== DATA SUPPLIED

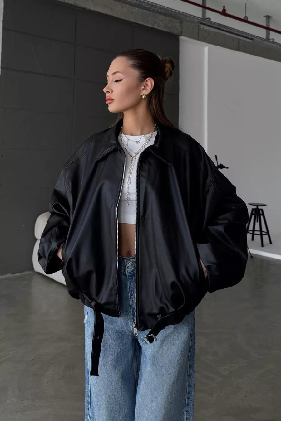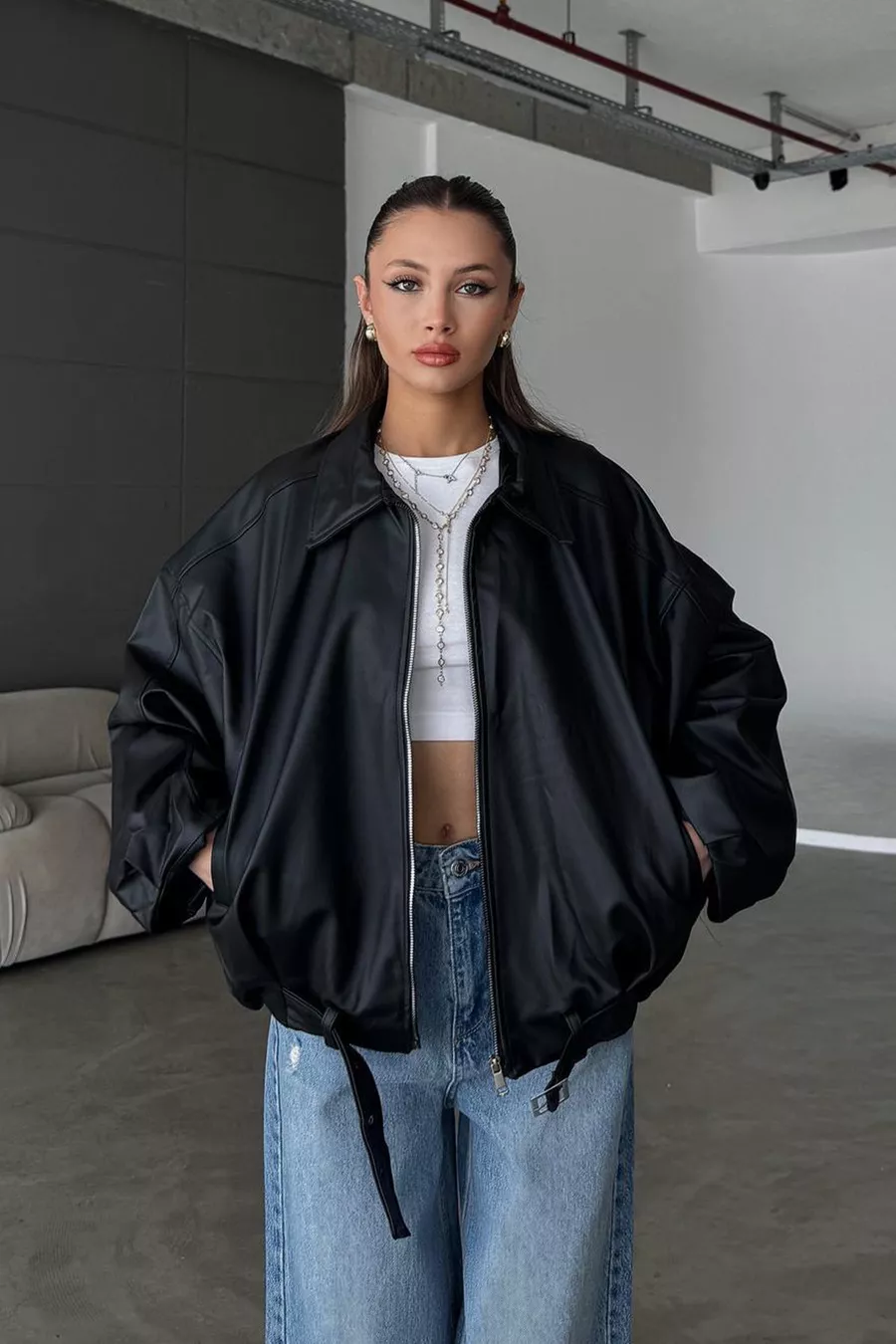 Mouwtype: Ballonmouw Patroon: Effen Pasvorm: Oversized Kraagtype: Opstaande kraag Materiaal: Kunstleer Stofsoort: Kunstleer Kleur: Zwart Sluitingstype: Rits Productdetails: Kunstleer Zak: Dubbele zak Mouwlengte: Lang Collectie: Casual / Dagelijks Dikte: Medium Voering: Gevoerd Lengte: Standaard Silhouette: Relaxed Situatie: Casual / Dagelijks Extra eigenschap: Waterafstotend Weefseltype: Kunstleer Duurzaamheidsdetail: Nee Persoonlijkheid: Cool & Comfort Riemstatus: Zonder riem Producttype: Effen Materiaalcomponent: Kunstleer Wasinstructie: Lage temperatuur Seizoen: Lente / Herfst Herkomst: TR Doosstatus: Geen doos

====
== DATA SUPPLIED

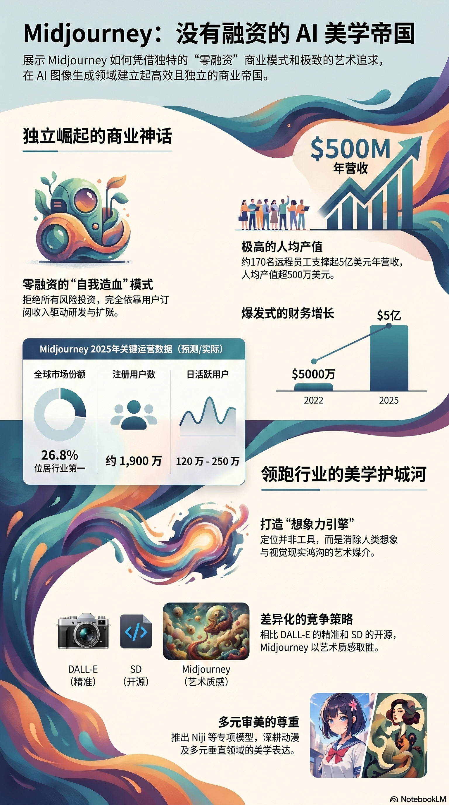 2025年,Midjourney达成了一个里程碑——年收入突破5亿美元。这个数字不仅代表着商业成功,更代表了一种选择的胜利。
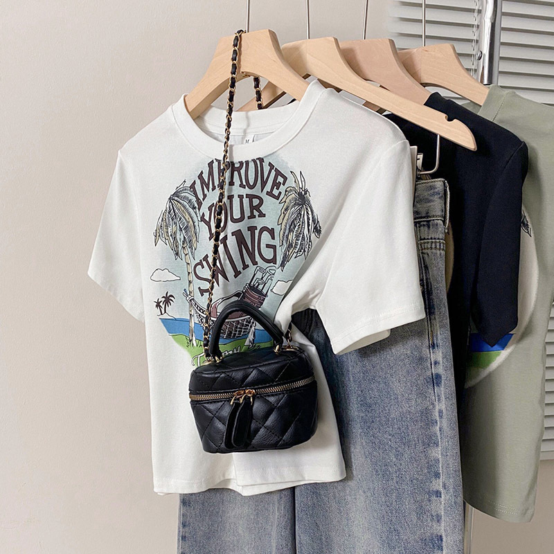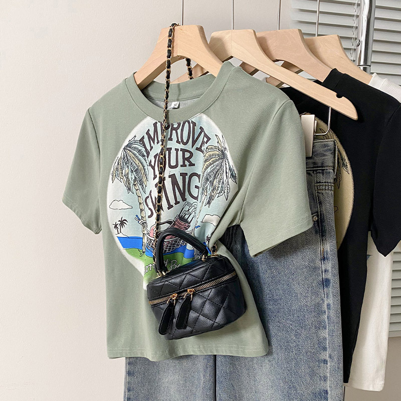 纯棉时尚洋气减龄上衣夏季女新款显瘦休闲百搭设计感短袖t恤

====

== EXERCISE REQUIREMENTS ==
From the data above, return only the lines starting at the line that holds "2025年,Midjourn" and ending at the line that holds "纯棉时尚洋气减龄上衣夏季女新款显瘦休闲百搭设计感短袖t恤", word for word and without pictures.

== RESULT OF THE TASK ==
 2025年,Midjourney达成了一个里程碑——年收入突破5亿美元。这个数字不仅代表着商业成功,更代表了一种选择的胜利。
 纯棉时尚洋气减龄上衣夏季女新款显瘦休闲百搭设计感短袖t恤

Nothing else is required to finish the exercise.